Overview

Zanubrutinib in Combination With R-CHOP (ZaR-CHOP) for Newly Diagnosed Diffuse Large B-Cell Lymphoma

Status:
Suspended
Trial end date:
2023-12-31
Target enrollment:
0
Participant gender:
All
Summary
This phase Ib trial seeks to find out the best dose and possible side effects and/or benefits of zanubrutinib in combination with the R-CHOP in treating patients with newly diagnosed diffuse large B-cell lymphoma (DLBCL). Zanubrutinib is designed to block a protein called Bruton Tyrosine Kinase in order to stop cancer growth. R-CHOP is the acronym for the combination of five drugs: rituximab, cyclophosphamide, doxorubicin, vincristine and prednisone. It is the most widely used chemoimmunotherapy regimen for DLBCL and is considered the standard-of-care treatment for patients with DLBCL. Three of the drugs in R-CHOP (cyclophosphamide, doxorubicin and vincristine) are chemotherapy drugs. Rituximab is a type of immunotherapy and prednisone is a type of steroids.
Phase:
Phase 1
Accepts Healthy Volunteers?
No
Details
Lead Sponsor:
Yazeed Sawalha
Treatments:
Antibodies
Antibodies, Monoclonal
Antineoplastic Agents, Immunological
Cortisone
Cyclophosphamide
Doxorubicin
Immunoglobulins
Liposomal doxorubicin
Prednisone
Rituximab
Vincristine
Zanubrutinib
Criteria
Inclusion Criteria:

- Patients must have histologically confirmed DLBCL, irrespective of cell-of-origin.
Patients with previously diagnosed indolent lymphoma (follicular lymphoma and marginal
zone lymphoma but not small lymphocytic lymphoma) who have transformed to DLBCL are
eligible only if they have not previously been treated for indolent lymphoma except
for local radiation for early-stage disease

- Patients may have received brief treatment with glucocorticoids (up to 250 mg/day
prednisone or equivalent for a maximum of 10 days) and/or 1 cycle of chemotherapy such
as R-CHOP (or some component[s] thereof) for the diagnosis of B-cell lymphoma provided
they had staging computed tomography (CT) and/or positron emission tomography (PET)/CT
scans prior to glucocorticoids and/or chemotherapy. Treatment must occur within 28
days prior to enrollment

- Age >= 18 years. Because no dosing or adverse event data are currently available on
the use of zanubrutinib in combination with R-CHOP in patients <18 years of age,
children are excluded from this study

- Eastern Cooperative Oncology Group (ECOG) performance status =< 2. Performance status
of 3 will be accepted if the impairment is caused by DLBCL complications and
improvement is expected once therapy is initiated

- Measurable disease (defined as >= 1.5cm in diameter) or at least one PET
fludeoxyglucose F-18 (FDG) avid area of disease

- Patients must have adequate hematologic, hepatic, and renal function as defined below:

- Hemoglobin >= 7.0 g/dL

- Absolute neutrophil count (ANC) > 1,000/mcL

- Platelet count > 75,000/mcL

- Total bilirubin =< 1.5 x the upper limit of the normal range (ULN) (unless due to
Gilbert's disease)

- Aspartate aminotransferase (AST) (serum glutamic oxaloacetic transaminase [SGOT]) <
2.5 x institutional ULN

- Alanine aminotransferase (ALT) (serum glutamic pyruvic transaminase [SGPT]) < 2.5 x
institutional ULN

- Creatinine clearance > 40 mL/min calculated by Cockcroft-Gault

- Adequate cardiac function with a left ventricular ejection fraction (LVEF) >= 50% as
assessed by echocardiogram or MUGA (Multigated acquisition scan)

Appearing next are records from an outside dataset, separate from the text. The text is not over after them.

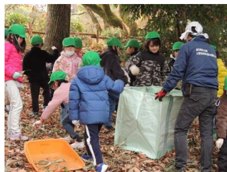
いきものふれあいの里センターで 落ち葉集めをする児童

本校は豊かな自然環境に恵まれ、学校に隣接する荒幡富士では郷土史を学ぶことができ、いきものふれあいの里センターでは自然体験や生き物観察も行うこともできる。地域住民の方々や保護者は、地域への愛着や学校への思いが強く、学校に大変好意的で、環境整備や教育活動にも積極的に協力して下さる。これら地域の教育資源や地域人材を活用し、学習を進めてきた。他者を意識し進んで関わるための「あいさつ」の取組に力を入れたり、人との関わりの中でコミュニケーション能力を高めるために、体験的な学習や3人組での学び合う活動を多く取り入れたり、他者や集団から尊重される経験を積むために、集会活動やグループエンカウンターを意図的に実施したりしてきた。そして、子供が嬉々として登校し、充実した活動をし、満足して下校する学校を創り上げている。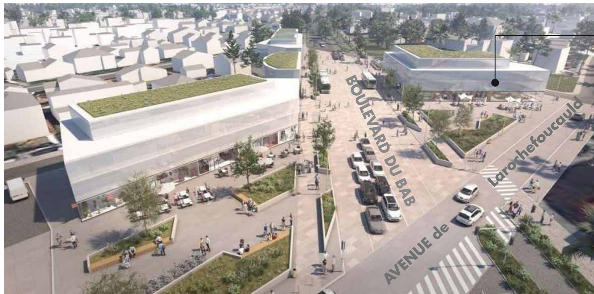
Anglet quartier Laroche foucauld - Une urbanisation concertée.

Une place de choix pour vivre au cœur de l'agglomération, aux portes de Biarritz et à deux pas des plages !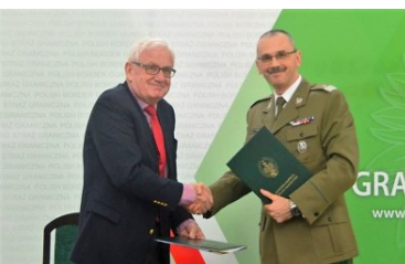
Podpisanie umowy na nowe samoloty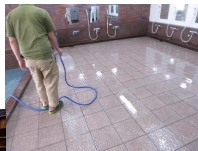
3. たっぷりの水で防滑剤をすすぐ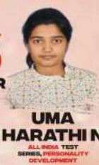
UMA HARATHI ALL INDIA TEST SERIES, PERSONALITY DEVELOPMENT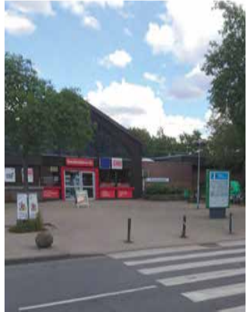
Bahnhof Leverkusen-Mitte

Leitung: Bernd Jüdt, Telefon 02171 47031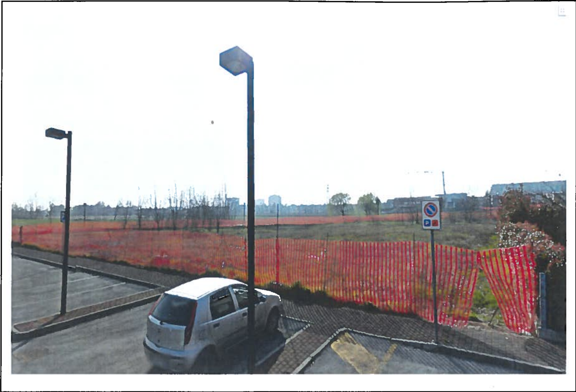
LOTTO 23 - vista Nord-Est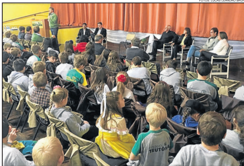
No auditório central, falaram para os estudantes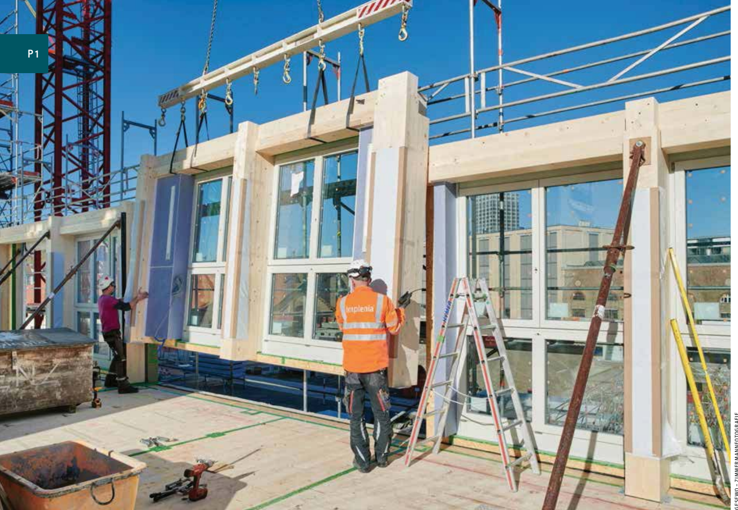
GESEWO - ZIMMERMANNFOTOGRAFIE

▲ Montage eines komplett mit Fenstern vorgefertigten Außenwand-Elements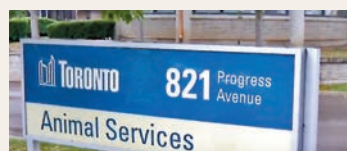
▲多倫多動物服務中心上半年接收的棄養動物，較去年同期激增。

經濟學家指出通脹壓力已對普羅大眾構成沉重壓力，百物騰貴令到他們不易維持本身生活開支，根本沒有多餘金錢飼養寵物。學者認為央行不斷加息壓抑通脹勢必觸發衰退，一般受薪階層擔心可能失業而開始勒緊褲頭，寵物變成最先被剔除的開支項目。動物收容中心負責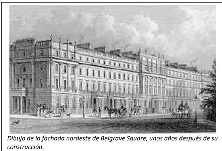
Dibujo de la fachada nordeste de Belgrave Square, unos años después de su construcción.

El plan original consistía en cuatro grupos de casas aterrazadas, diseñadas por George Basevi, cada uno comprendiendo once grandes casas blancas estucadas; tres mansiones independientes en las esquinas, con un diseño particular, y en el medio, una de las plazas más grandes e imponentes del siglo XIX. La numeración de las casas fue hecha en sentido contrario a las agujas del reloj, comenzando por el norte. Para el año 1840 la mayoría de las casas ya estaban construidas y ocupadas.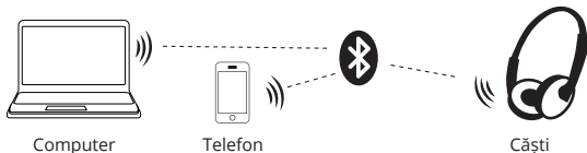
Fig. 2. Schema de conexiune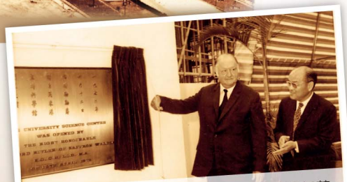
1972年布特勒勳爵為大學科學館紀念碑揭幕。

說到師生關係，不得不提的是生物系麥繼強教授。他在六七十年代的中大，費盡心思栽培學生。因為那段時期，在設備及資源上都不足以做在外國學到的研究工作。唯一有把握的事，是教導和栽培學生，讓他們取得外國大學的全費獎學金，攻讀博士學位。他花了很大精力去了解取得美國大學全費獎學金的要求與門路，為清貧學子解決最大的難關，往外國深造。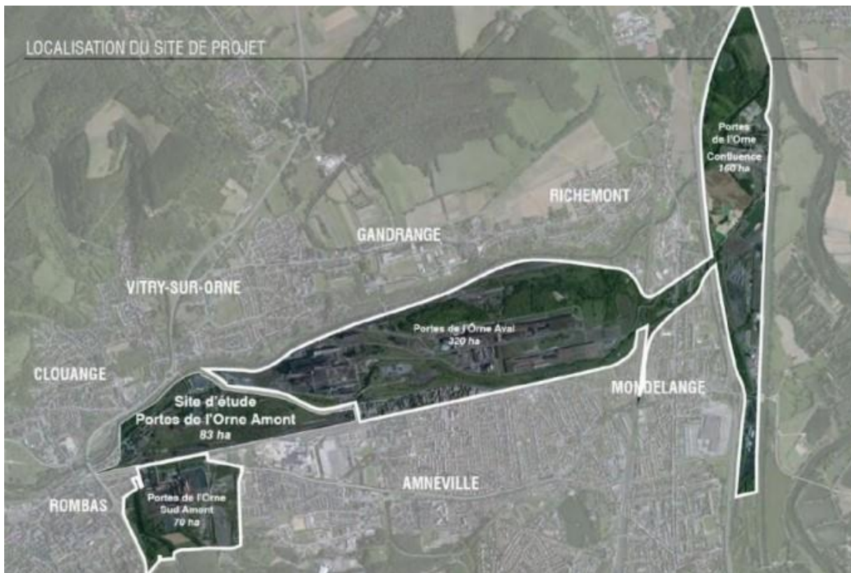
Organisation du site des Portes de l'Orne

L'objet du présent appel à projet est le bâtiment dit ASSERPRO. Il se trouve au sein du premier secteur opérationnel de 104 ha des « Portes de l'Orne Amont », entièrement situé sur le territoire de la CCPOM.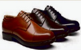
Lederschuhe - mehrere Farboptionen

Wir kaufen Goldschmuck jeglicher Art, auch defekt, ebenso wie Silberschmuck in allen Varianten 90/100/800/925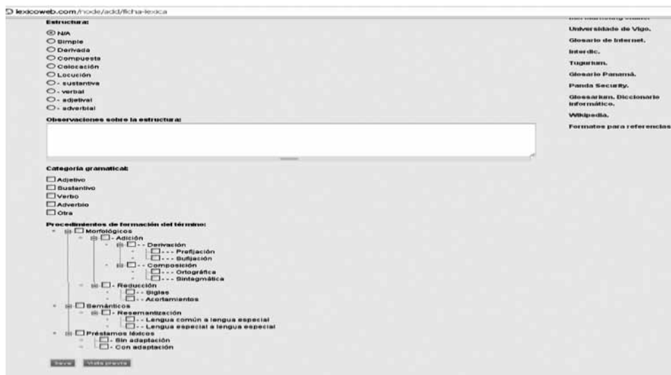
Gráfico 8. Información sobre el término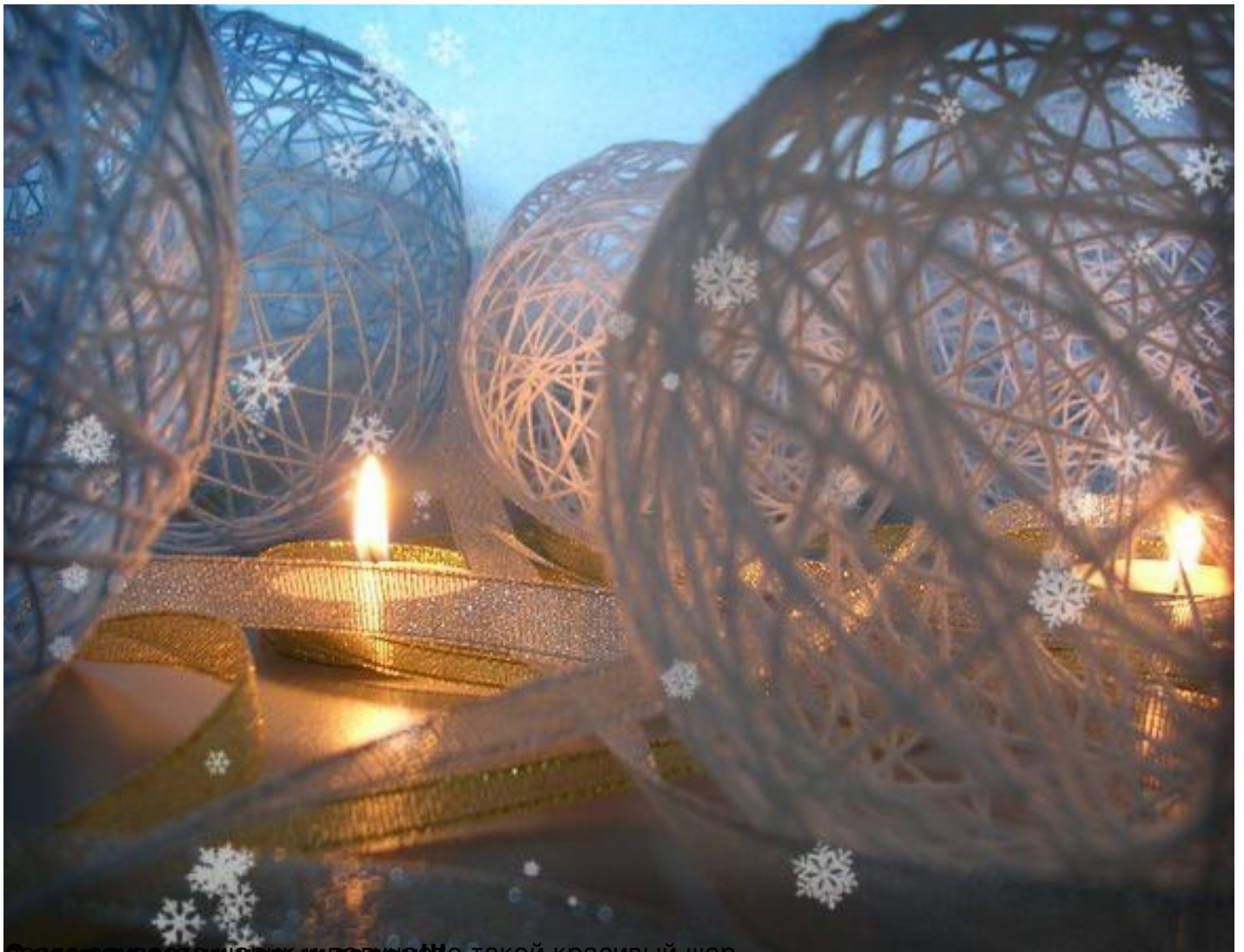
Спасибо за внимание! Не такой красивый шар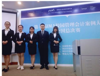
管理会计案例大赛

- The effects of zanubrutinib on the developing human fetus are unknown. For this reason
and because chemotherapeutic agents used in this study are known to be teratogenic,
women of child-bearing potential and men must agree to use adequate contraception
(double barrier method of birth control or abstinence) 2 weeks prior to initiation of
treatment, for the duration of study participation and for 3 months after completing
treatment. Should a woman become pregnant or suspect that she is pregnant while she or
her partner is participating in this study, she should inform the treating physician
immediately. Men must agree to refrain from sperm donation for at least 90 days after
the last dose of zanubrutinib

- Women of childbearing potential must have a negative serum (beta-human chorionic
gonadotropin [beta-hCG]) or urine pregnancy test at screening. Women who are pregnant
or breastfeeding are ineligible for this study

- Patients must have the ability to understand and the willingness to sign a written
informed consent document and Health Insurance Portability and Accountability Act
(HIPAA) consent document. Voluntary written consent must be given before performance
of any study-related procedure not part of standard medical care, with the
understanding that consent may be withdrawn by the patient at any time without
prejudice to future medical care

- International Prognostic Index must be documented:

- ECOG performance status >= 2 (1 point)

- Age >= 60 (1 point)

- >= 2 extranodal sites (1 point)

- Lactate dehydrogenase measurement (LDH) > upper limit of normal (1 point)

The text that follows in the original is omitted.